數學應該是一個完備的相容的整體,這個聽起來不錯的需求,打開了一個充滿困難的潘多拉魔盒。In one sense, mathematical propositions still seemed as true as anything could possibly be true; in another, they appeared as no more than marks on paper, which led to mind-stretching paradoxes when one tried to elucidate what they meant.
一方面,數學命題看起來就像任何正確的東西一樣正確。但另一方面,它表現的只是紙上的符號,一旦有人糾纏符號的意義,這些符號就會引起悖論。As in the Looking-Glass garden, an approach towards the heart of mathematics was liable to lead away into a forest of tangled technicalities.
正如“愛麗絲鏡中奇遇”裏面的花園,你越是走向數學的心臟,就越會迷失在糾結的森林中。
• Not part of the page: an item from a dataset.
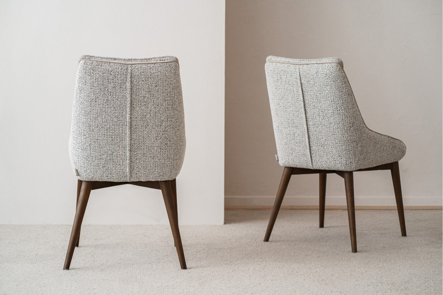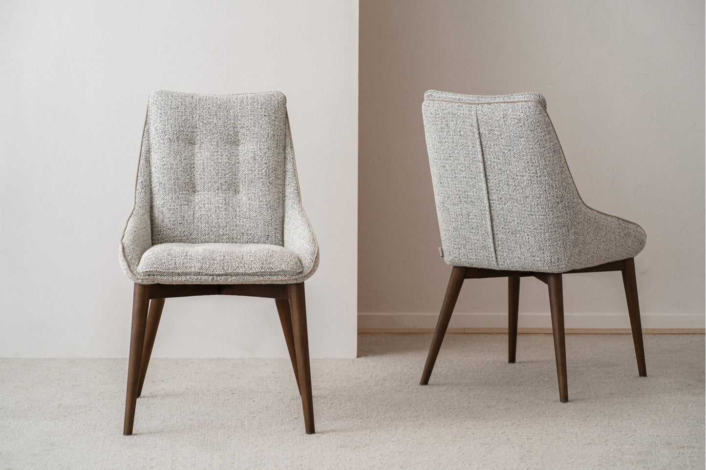 Set 2 sillas de comedor tapizadas en tonos grises 51×67×88 CM – madera nogal – mid century – MÍA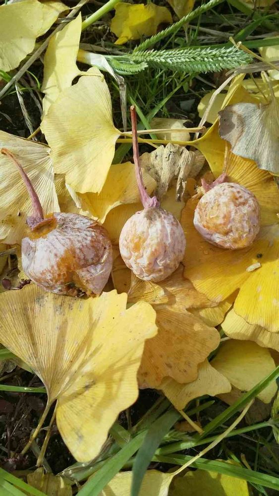 銀杏の実初めて。この実中にあの硬い殻付きが入ってるの?😱匂いは強烈なんだけどねスト-ブの上で焼いて(いって)食べると美味しいですよね♪

This lack of any simple connection between mathematical symbols and the world of actual objects fascinated Alan.
數學符號和物質實體之間沒有關聯,這個問題吸引了艾倫。Russell had ended his book saying, 'As the above hasty survey must have made evident, there are innumerable unsolved problems in the subject, and much work needs to be done.
羅素在書的結尾說:“以上不完全的考量表明,在這個學科中,還有無數問題沒有解決,還有許多工作需要做。If any student is led into a serious study of mathematical logic by this little book, it will have served the chief purpose for which it has been written.'
如果這本小書能夠給予學生啓發,對數理邏輯進行嚴肅的研究,那我寫這本書的主要目的就達到了。”So the Introduction to Mathematical Philosophy did serve its purpose, for Alan thought seriously about the problem of 'types' — and more generally, faced Pilate's question: What is truth?
《數學原理》的主要目的確實達到了,因爲艾倫由此開始嚴肅地思考"層次"的問題——更大意義上說,他開始嚴肅地思考柏拉圖的問題:什麼是真理?